TASK ITEM>
Set each entry down verbatim, omitting images.

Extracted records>
=====

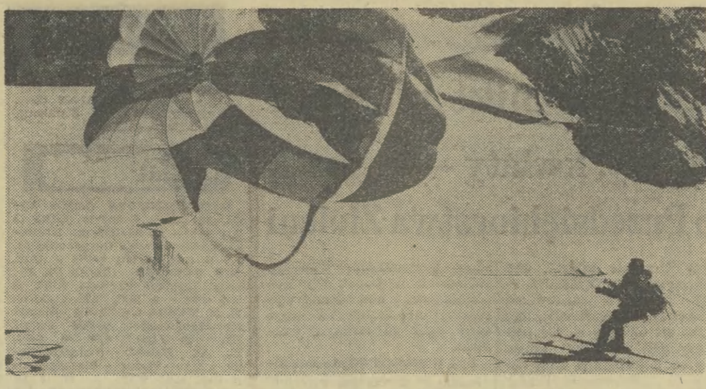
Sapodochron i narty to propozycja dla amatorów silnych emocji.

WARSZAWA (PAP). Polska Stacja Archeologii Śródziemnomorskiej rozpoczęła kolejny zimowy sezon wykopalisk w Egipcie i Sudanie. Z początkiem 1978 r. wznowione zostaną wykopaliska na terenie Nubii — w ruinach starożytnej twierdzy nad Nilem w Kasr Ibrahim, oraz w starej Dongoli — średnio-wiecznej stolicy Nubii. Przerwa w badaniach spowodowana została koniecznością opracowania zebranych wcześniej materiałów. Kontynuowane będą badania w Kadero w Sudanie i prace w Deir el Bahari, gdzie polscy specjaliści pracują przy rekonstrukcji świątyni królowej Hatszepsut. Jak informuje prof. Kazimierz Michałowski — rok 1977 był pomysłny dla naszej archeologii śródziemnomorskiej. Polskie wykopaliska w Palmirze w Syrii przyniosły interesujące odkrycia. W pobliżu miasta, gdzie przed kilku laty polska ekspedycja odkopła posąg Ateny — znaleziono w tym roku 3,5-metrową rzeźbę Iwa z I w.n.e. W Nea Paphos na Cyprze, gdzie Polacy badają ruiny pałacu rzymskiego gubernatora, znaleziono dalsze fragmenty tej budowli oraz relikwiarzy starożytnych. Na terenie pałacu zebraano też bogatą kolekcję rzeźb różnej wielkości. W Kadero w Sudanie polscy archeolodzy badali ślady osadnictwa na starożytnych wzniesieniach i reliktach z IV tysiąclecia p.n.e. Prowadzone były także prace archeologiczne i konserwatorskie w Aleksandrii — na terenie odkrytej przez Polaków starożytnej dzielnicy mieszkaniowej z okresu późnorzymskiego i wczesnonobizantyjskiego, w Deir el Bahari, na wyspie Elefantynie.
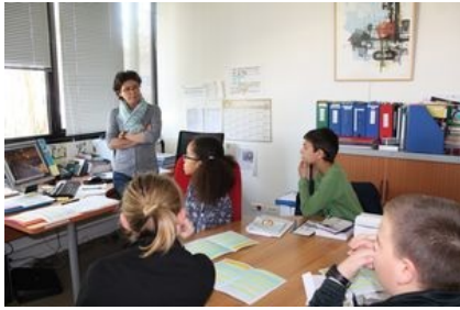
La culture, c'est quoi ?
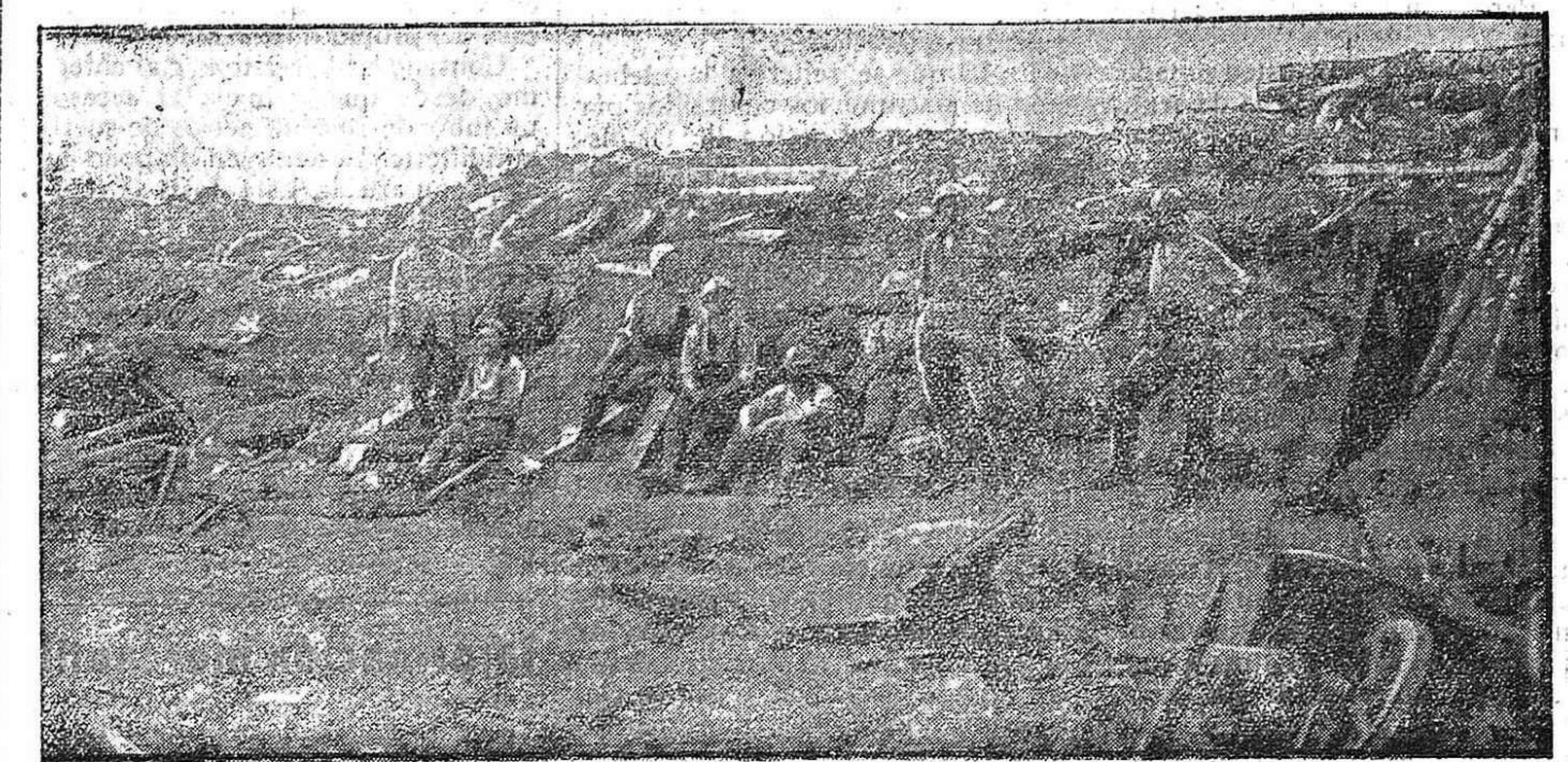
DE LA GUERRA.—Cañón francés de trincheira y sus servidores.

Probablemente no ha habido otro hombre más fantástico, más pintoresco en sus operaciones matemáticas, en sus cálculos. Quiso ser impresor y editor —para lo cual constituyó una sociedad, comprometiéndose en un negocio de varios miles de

=====

FINISHED EXERCISE>
Sapodochron i narty to propozycja dla amatorów silnych emocji.

WARSZAWA (PAP). Polska Stacja Archeologii Śródziemnomorskiej rozpoczęła kolejny zimowy sezon wykopalisk w Egipcie i Sudanie. Z początkiem 1978 r. wznowione zostaną wykopaliska na terenie Nubii — w ruinach starożytnej twierdzy nad Nilem w Kasr Ibrahim, oraz w starej Dongoli — średnio-wiecznej stolicy Nubii. Przerwa w badaniach spowodowana została koniecznością opracowania zebranych wcześniej materiałów. Kontynuowane będą badania w Kadero w Sudanie i prace w Deir el Bahari, gdzie polscy specjaliści pracują przy rekonstrukcji świątyni królowej Hatszepsut. Jak informuje prof. Kazimierz Michałowski — rok 1977 był pomysłny dla naszej archeologii śródziemnomorskiej. Polskie wykopaliska w Palmirze w Syrii przyniosły interesujące odkrycia. W pobliżu miasta, gdzie przed kilku laty polska ekspedycja odkopła posąg Ateny — znaleziono w tym roku 3,5-metrową rzeźbę Iwa z I w.n.e. W Nea Paphos na Cyprze, gdzie Polacy badają ruiny pałacu rzymskiego gubernatora, znaleziono dalsze fragmenty tej budowli oraz relikwiarzy starożytnych. Na terenie pałacu zebraano też bogatą kolekcję rzeźb różnej wielkości. W Kadero w Sudanie polscy archeolodzy badali ślady osadnictwa na starożytnych wzniesieniach i reliktach z IV tysiąclecia p.n.e. Prowadzone były także prace archeologiczne i konserwatorskie w Aleksandrii — na terenie odkrytej przez Polaków starożytnej dzielnicy mieszkaniowej z okresu późnorzymskiego i wczesnonobizantyjskiego, w Deir el Bahari, na wyspie Elefantynie.
La culture, c'est quoi ?
DE LA GUERRA.—Cañón francés de trincheira y sus servidores.

Probablemente no ha habido otro hombre más fantástico, más pintoresco en sus operaciones matemáticas, en sus cálculos. Quiso ser impresor y editor —para lo cual constituyó una sociedad, comprometiéndose en un negocio de varios miles de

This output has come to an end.